*WHAT YOU SHOULD DO:* Each line below must be transcribed exactly, and no picture may appear in the transcription.

*DATA EXTRACT:*
* * * * * * *

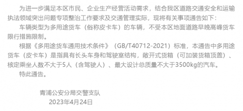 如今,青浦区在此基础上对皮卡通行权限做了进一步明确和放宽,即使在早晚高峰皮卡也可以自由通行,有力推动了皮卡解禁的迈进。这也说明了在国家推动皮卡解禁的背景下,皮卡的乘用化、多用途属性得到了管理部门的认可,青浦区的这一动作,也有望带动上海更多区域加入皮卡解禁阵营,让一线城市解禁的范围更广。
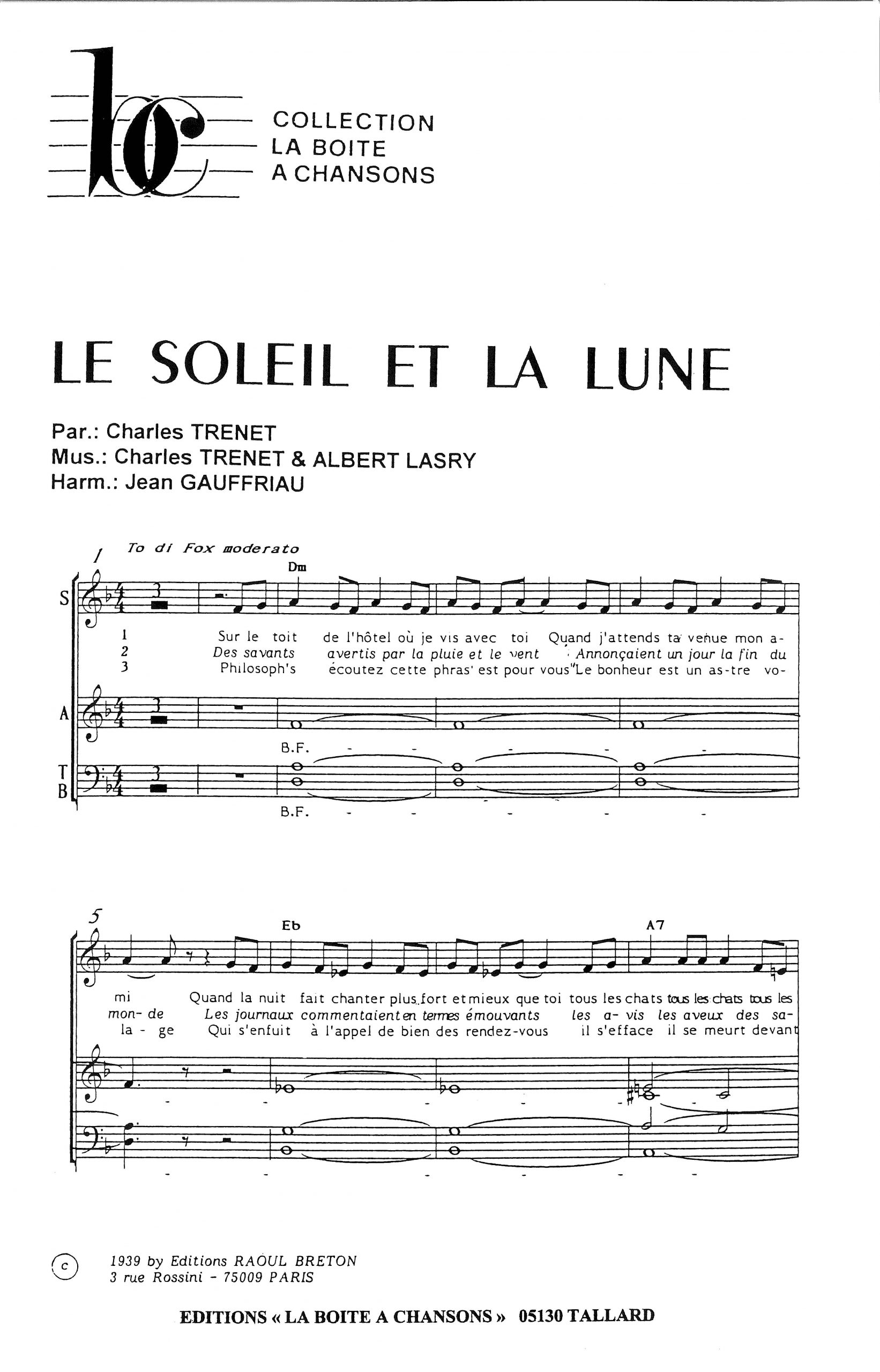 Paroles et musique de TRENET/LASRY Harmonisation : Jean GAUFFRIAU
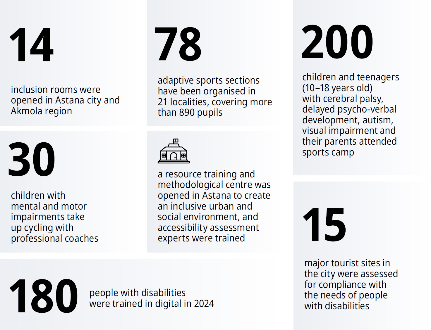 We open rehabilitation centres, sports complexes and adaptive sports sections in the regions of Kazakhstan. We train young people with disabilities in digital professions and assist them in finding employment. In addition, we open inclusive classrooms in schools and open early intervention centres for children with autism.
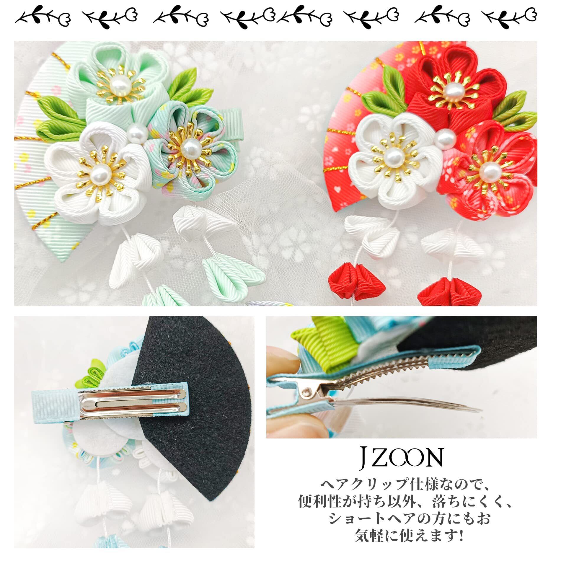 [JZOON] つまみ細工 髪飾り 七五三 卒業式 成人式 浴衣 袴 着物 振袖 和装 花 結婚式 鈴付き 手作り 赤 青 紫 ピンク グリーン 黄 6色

* * * * * * *

*WRITTEN REPLY:*
 如今,青浦区在此基础上对皮卡通行权限做了进一步明确和放宽,即使在早晚高峰皮卡也可以自由通行,有力推动了皮卡解禁的迈进。这也说明了在国家推动皮卡解禁的背景下,皮卡的乘用化、多用途属性得到了管理部门的认可,青浦区的这一动作,也有望带动上海更多区域加入皮卡解禁阵营,让一线城市解禁的范围更广。
 Paroles et musique de TRENET/LASRY Harmonisation : Jean GAUFFRIAU
 We open rehabilitation centres, sports complexes and adaptive sports sections in the regions of Kazakhstan. We train young people with disabilities in digital professions and assist them in finding employment. In addition, we open inclusive classrooms in schools and open early intervention centres for children with autism.
 [JZOON] つまみ細工 髪飾り 七五三 卒業式 成人式 浴衣 袴 着物 振袖 和装 花 結婚式 鈴付き 手作り 赤 青 紫 ピンク グリーン 黄 6色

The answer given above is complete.